Review of North Borders Album by Bonobo

Simon Green, under the pseudonym Bonobo, has taken a long time to travel a short distance. In a manner mirroring the vibes of his music, Green's has been a story of slow but noticeable progression that has taken almost a decade and a half to reach what could well be a defining work of broad scope but instant familiarity.

Bonobo North Borders Album

For his fifth full-length, a great point of reference is another defining work, Yppah's Eighty One album which preceded the release of North Borders by almost a year to the day, and on the same record label. Both have the feel of an artist finally finding their voice after much experimentation with tone and dialect, situated in the hazy field of down-tempo electronica but calling upon traces of hip-hop, jazz, dubstep and more ambient spheres, and whilst on North Borders Bonobo doesn't go to the same lengths as the Joe Corrales Jr's crowning achievement there is still a pleasing amount of diversity throughout.

Both also call on vocal contributions from others but are primarily instrumental. North Borders' first single 'Cirrus' is entirely instrumental, with crisp beats and hang drum samples that bring to mind Portico Quartet transplanted fully into the nightclub dancefloors they've often stood on the edge of, but many of the album's highlights are vocal driven. Opener 'First Fire' has a soulful contribution from labelmate Grey Reverend that eases the album in perfectly, resting above sub-bass and ebbing strings that effloresce beautifully at the tracks climax, whilst Erkyah Badu's coos on 'Heaven For The Sinner', a marriage of snappy percussion and twinkling harps, typify modern soul. Her utterance "I'm just glad it's not a race, I'd lose" could well be an autobiographical epitaph for Simon himself.

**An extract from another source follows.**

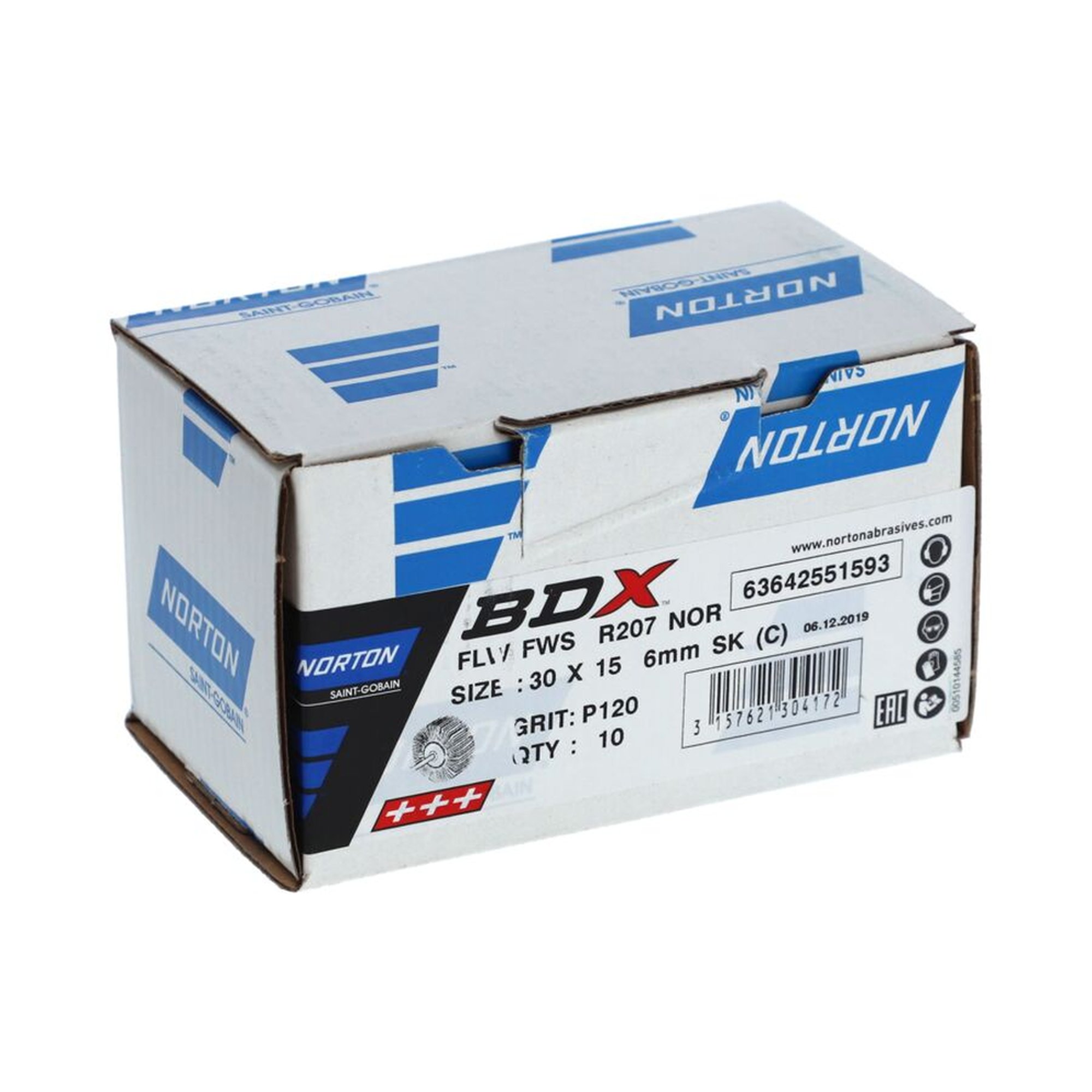 10 x Norton Fächerschleifer Schleifmop mit Schaft 30x15x6 R207 120 Korn

What sets Bonobo apart in an overly crowded marketplace, again like Yppah, is an expert ability to channel myriad influences from outside of his sphere into something that works perfectly inside it, not just within a single track but start-to-finish across an album. It is something that has prevented fellow Ninja Tune staple Daedelus from breaking through amongst countless others, for all his high-points, and that equates to a rarity in a typically single-obsessed genre. Who cares about the speed and distance of a journey when it's as enjoyable as this?